__Supplied entries__.
● ● ● ●
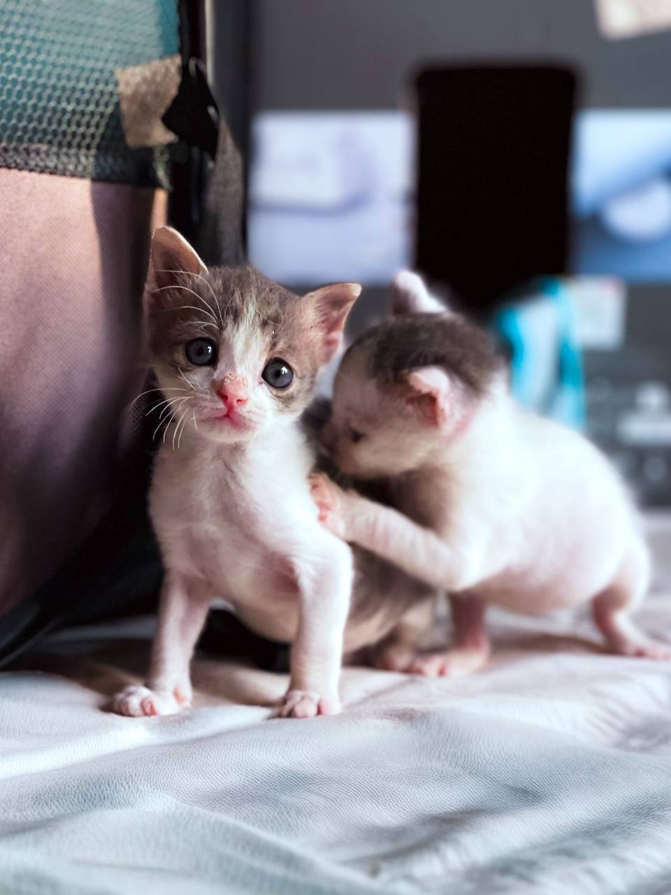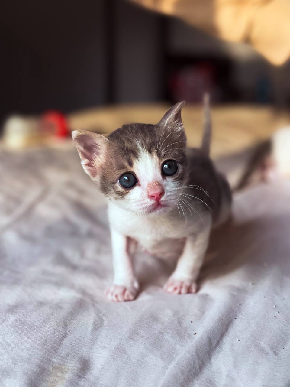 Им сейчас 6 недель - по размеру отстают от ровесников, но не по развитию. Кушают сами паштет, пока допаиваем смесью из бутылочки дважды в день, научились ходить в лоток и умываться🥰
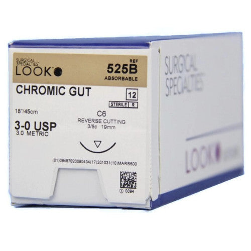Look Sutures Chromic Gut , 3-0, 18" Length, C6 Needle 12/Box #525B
● ● ● ●
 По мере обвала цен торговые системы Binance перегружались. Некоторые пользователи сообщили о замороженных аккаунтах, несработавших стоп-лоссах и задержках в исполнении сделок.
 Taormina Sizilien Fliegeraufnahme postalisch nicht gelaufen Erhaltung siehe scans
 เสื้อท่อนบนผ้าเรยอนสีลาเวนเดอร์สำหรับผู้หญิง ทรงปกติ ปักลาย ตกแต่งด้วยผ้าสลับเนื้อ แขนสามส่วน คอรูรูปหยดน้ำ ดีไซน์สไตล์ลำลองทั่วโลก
● ● ● ●
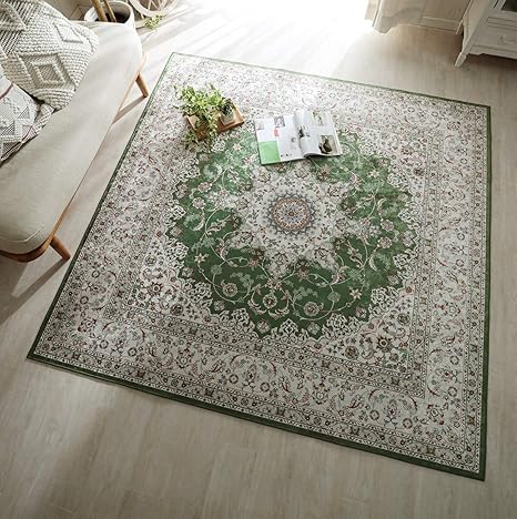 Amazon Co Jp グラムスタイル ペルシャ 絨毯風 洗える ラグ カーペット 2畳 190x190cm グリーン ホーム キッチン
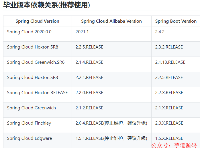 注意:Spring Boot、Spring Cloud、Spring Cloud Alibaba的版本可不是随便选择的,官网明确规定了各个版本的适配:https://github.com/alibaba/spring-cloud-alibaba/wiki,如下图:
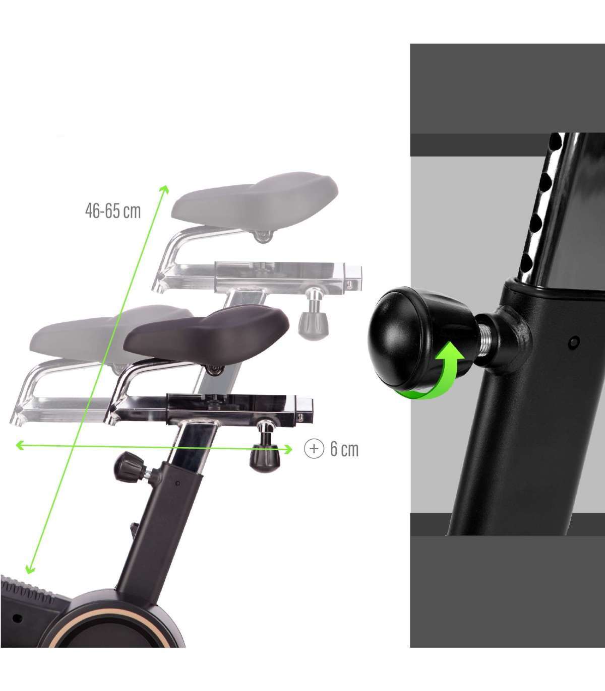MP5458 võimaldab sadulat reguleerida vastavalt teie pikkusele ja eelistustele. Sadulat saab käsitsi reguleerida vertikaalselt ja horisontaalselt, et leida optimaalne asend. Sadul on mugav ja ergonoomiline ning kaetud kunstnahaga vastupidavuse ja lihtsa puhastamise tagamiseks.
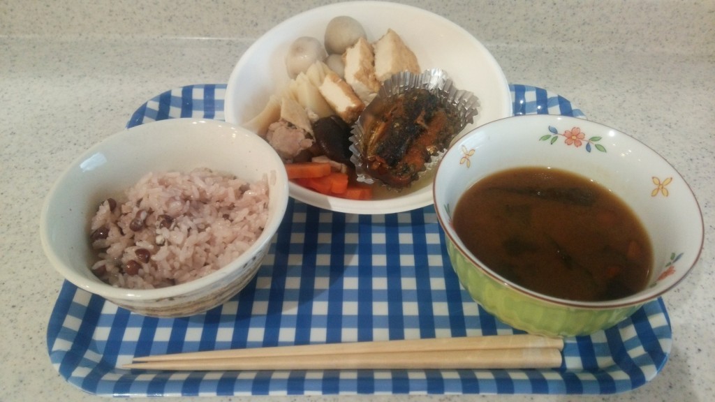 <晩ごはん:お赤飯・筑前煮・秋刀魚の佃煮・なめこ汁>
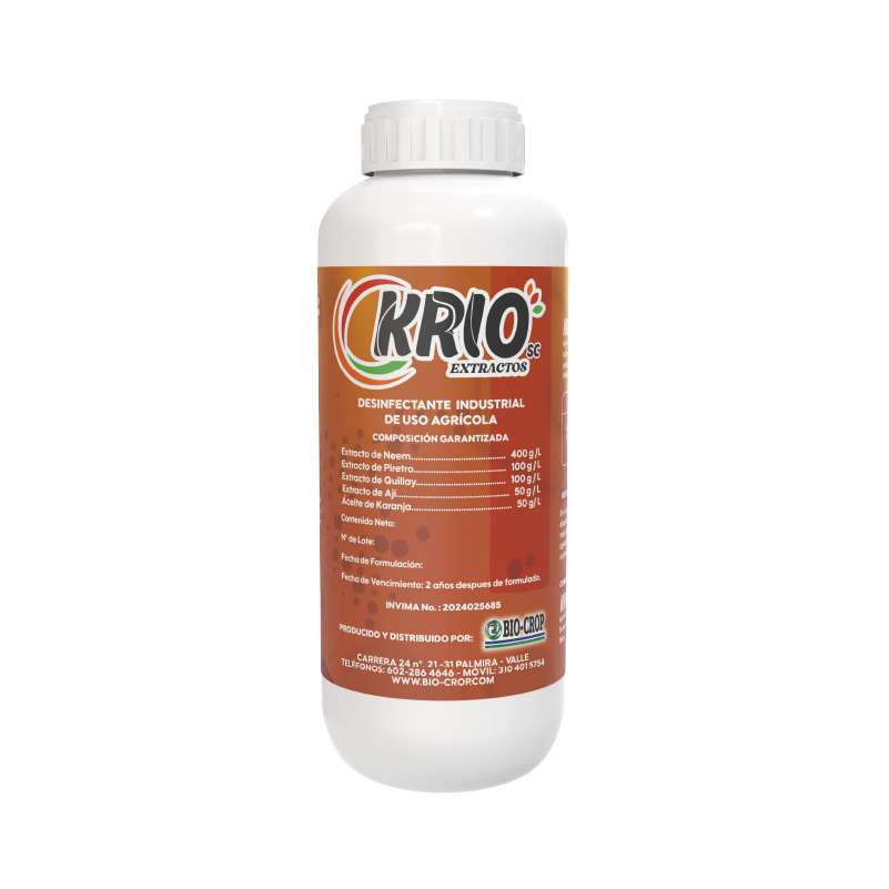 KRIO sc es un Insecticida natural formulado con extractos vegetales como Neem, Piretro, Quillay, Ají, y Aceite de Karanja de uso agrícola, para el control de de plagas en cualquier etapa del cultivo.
● ● ● ●
__Work required__.
Only the lines starting at the one with "Им сейчас 6" and ending at the one with "Look Sutures Chromic" should be printed, each exactly as it appears in the material above; the pictures are to be omitted.

__Problem solution__.
 Им сейчас 6 недель - по размеру отстают от ровесников, но не по развитию. Кушают сами паштет, пока допаиваем смесью из бутылочки дважды в день, научились ходить в лоток и умываться🥰
Look Sutures Chromic Gut , 3-0, 18" Length, C6 Needle 12/Box #525B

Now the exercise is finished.